I'm planning on using them to make jerk chicken, jamacian spicy lamb and a few other dishes.

Meanwhile, I'm sad to say that I lost all my chile plants this year. It has been a far colder winter than anyone can remember and my overwintering efforts were in vain. In a way though, this is not a bad thing. It will allow me to start from scratch this coming spring. I think that this next year I want to grow more bells, milder chiles and perhaps only one very hot chile that I can dry and powder. I'd also like to grow a few more herbs to flesh out my little salsa garden.

July 14, 2009

Garden Cleanup

Since it has been too hot to go outside during the day, I waited until 7pm this evening to go out and do my gardening. I pulled out all the dried husks of chile plants, put away the metal cages and pulled out what few weeds there were. A few of my old chile plants have survived. The fatali, the red scotch bonnet, a half dead cherry bomb, my yellow canary bell and what I believe is some sort of jalapeno. I also have the two blushing beauty bells that I purchased this spring. My salsa garden has never been this sparse before, but then again I haven't been putting in the effort into my garden this year as I normally do.

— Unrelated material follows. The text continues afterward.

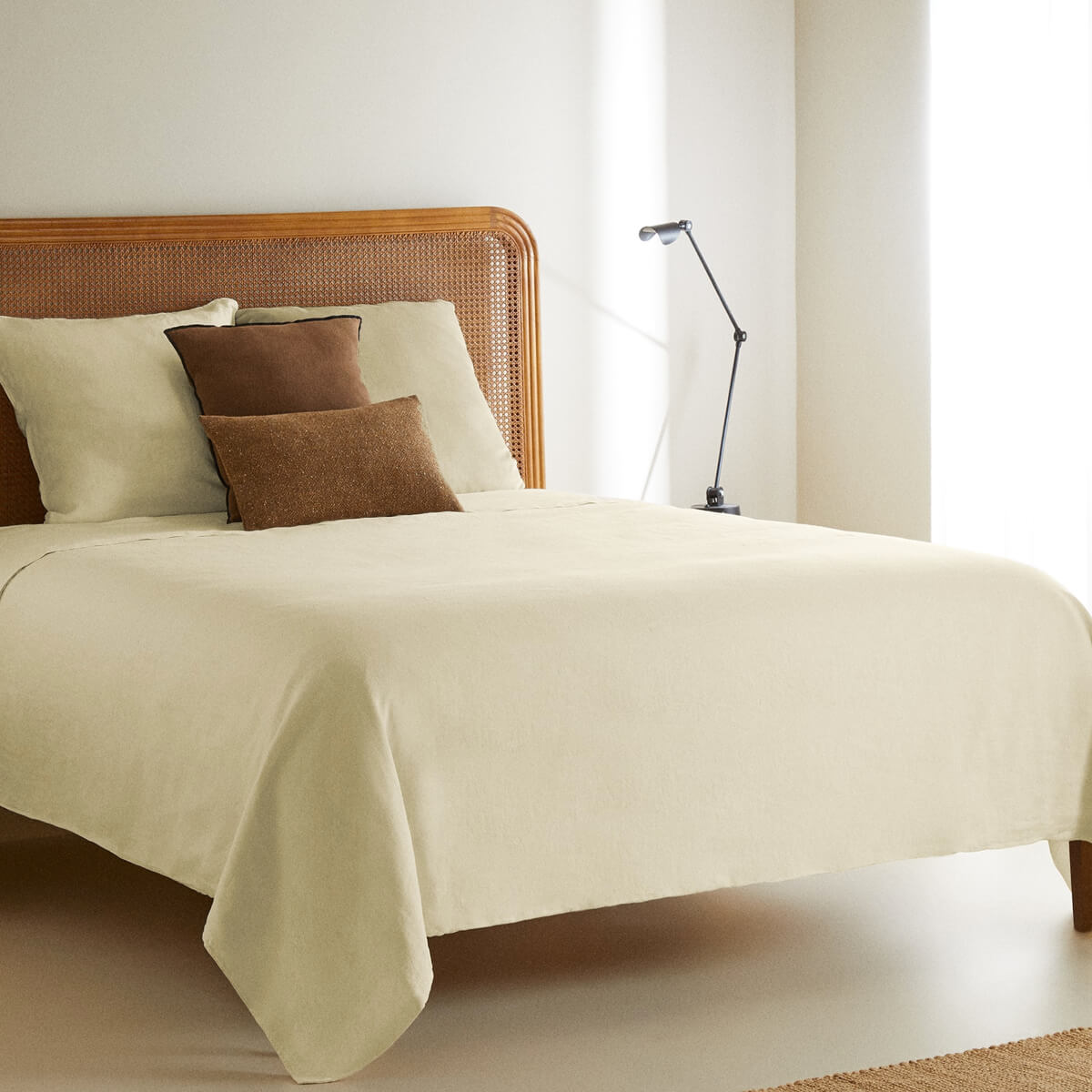 Plain duvet cover in 180 thread count cotton percale. Concealed button fastening at the bottom.

My husband is requesting that I devote more space to herbs since he discovered this year that he enjoys fresh basil leaves in his sandwiches, so that might be something that I look into over the next few weeks. The only herb that I have right now are the chives. Nothing kills those babies.

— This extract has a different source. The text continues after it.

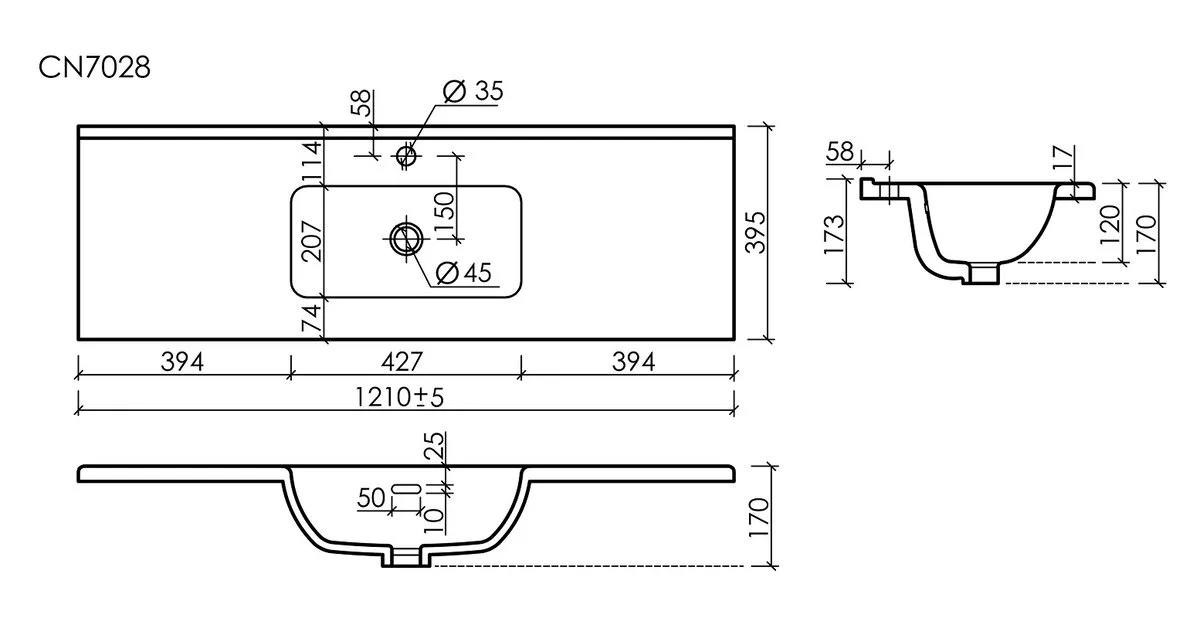 - Диаметр слива: 4.5 см

Why did so many of my plants die? It was because my soaker hose system has broken. One of the hoses has sprung a huge leak and needs to be replaced. I went to look for a replacement at the Home Depot this morning, but I couldn't find the part that I needed. I will try other hardware stores later. The timer also is not working. It probably needs a new battery. Once I get these two things working again, my salsa garden should be back to taking care of itself once again.

July 03, 2009

Spicy Buttermilk Dressing

I discovered a new chile recipe on a blog called Homesick Texan. I gave it a try with chiles from my garden. I used homemade habanero powder for the cayenne in the recipe and a hot cherry bomb instead of the serrano. It turned out very good. I used it as a dipper for celery sticks and carrots. It is spicy and much better than the hidden ranch dressing I normally use...and far less expensive to make.

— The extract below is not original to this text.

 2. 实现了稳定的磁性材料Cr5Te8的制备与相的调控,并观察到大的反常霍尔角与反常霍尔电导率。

Buttermilk dressing, extra spicy
1/4 cup of mayonnaise
1/2 cup of sour cream
1/2 cup of buttermilk
1/4 cup of chopped cilantro
1/4 cup of freshly squeezed lime juice
1 clove of garlic, crushed
1 serrano pepper, finely diced
1 teaspoon of chopped fresh chives
1/8 teaspoon of cayenne pepper
Salt and black pepper to taste

Mix all the ingredients together and let chill for an hour.
Makes 1 cup, keeps for a week in the refrigerator.
Notes: I like my dressing on the thinner side, so if you prefer it thicker use 1/2 cup of mayonnaise. And if you don't want it to be so spicy, feel free to omit the Serrano or substitute a jalapeno pepper instead. Also, you can use parsley instead of cilantro if you're one of those "Cilantro tastes like soap" people, I won't be insulted.

June 25, 2009

Sunshine Returns!

This has to have been the coldest and wettest June that I can remember. It had been overcast every day and it rained as if I were back in Washington State! It was uncanny. However, that cold front seems to have finally left. The sunshine is back and my roses are blooming with gusto. I was outside watering all the plants this afternoon with my sunhat on, flipflops and shorts. The splash of the water on my feet felt wonderful. Little lizards scurried away and butterflies mingle in the brushes of salvia among the flowers. I'm contemplating a few baskets of flowers and to plant up my central whiskey barrel. Right now, the barrel only has weeds in it. Our annual summer BBQ is only four weeks away and I want our gardens to look up to par.

My pepper plants have not fared as well. The cold weather had stunted their growth and I have lost several of the plants this spring. I am going to have to take a survey of the damage and see what I can do to recover my little vegetable garden. The first task will be to fix the broken watering system. The timer is not working and I've sprung a huge leak in one of the drip hoses. I will need to replace a few things before the hot summer heat arrives in full force.